While implementing my own forward_list class template, I saw that some of the methods such as resize() require the type be DefaultInsertable. According to the documentation, DefaultInsertable
Specifies that an instance of the type can be default-constructed in-place by a given allocator.
I understand what DefaultConstructable means and I can enforce that my type T meets this requirement either by using the default_initializable concept or with the following template:
template <typename = std::enable_if_t<(T(),T{},true),int*>>
where T is any type
But how could I verify that a type can be default-constructed in place by a given allocator?
The custom is_default_insertable type trait, which is true if the type T models DefaultInsertable for an allocator type A.
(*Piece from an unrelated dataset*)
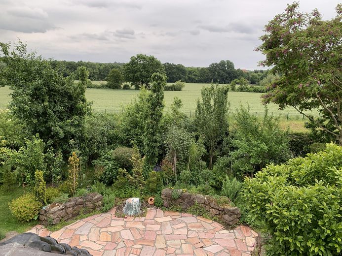Der Garten ist weitgehend nicht einsehbar bepflanzt, enthält eine Vielzahl an besonderen Obst- und Ziergehölzen und ermöglicht Ruhe und Entspannung und die Privatsphäre, die man sich fürs eigene Zuhause wünscht.

To implement the condition, it is sufficient to verify whether the expression std::allocator_traits<A>::construct(std::declval<A&>(), std::declval<T*>()) is well-formed. The allocator type is not rebound because the construct() member function does not depend on it.
namespace detail {
template <typename, typename, typename = void>
struct is_default_insertable
: std::false_type {};
template <typename T, typename A>
struct is_default_insertable<T, A, std::void_t<decltype(std::allocator_traits<A>::construct(std::declval<A&>(), std::declval<T*>()))>>
: std::true_type {};
}
template <typename T, typename A>
struct is_default_insertable
: detail::is_default_insertable<T, A> {};
template <typename T, typename A>
inline constexpr bool is_default_insertable_v = is_default_insertable<T, A>::value;
Alternatively, the default_insertable concept, which is equivalent to the above type trait, can be implemented in the following way.
template <typename T, typename A>
concept default_insertable = requires(A& x, T* y)
{
std::allocator_traits<A>::construct(x, y);
};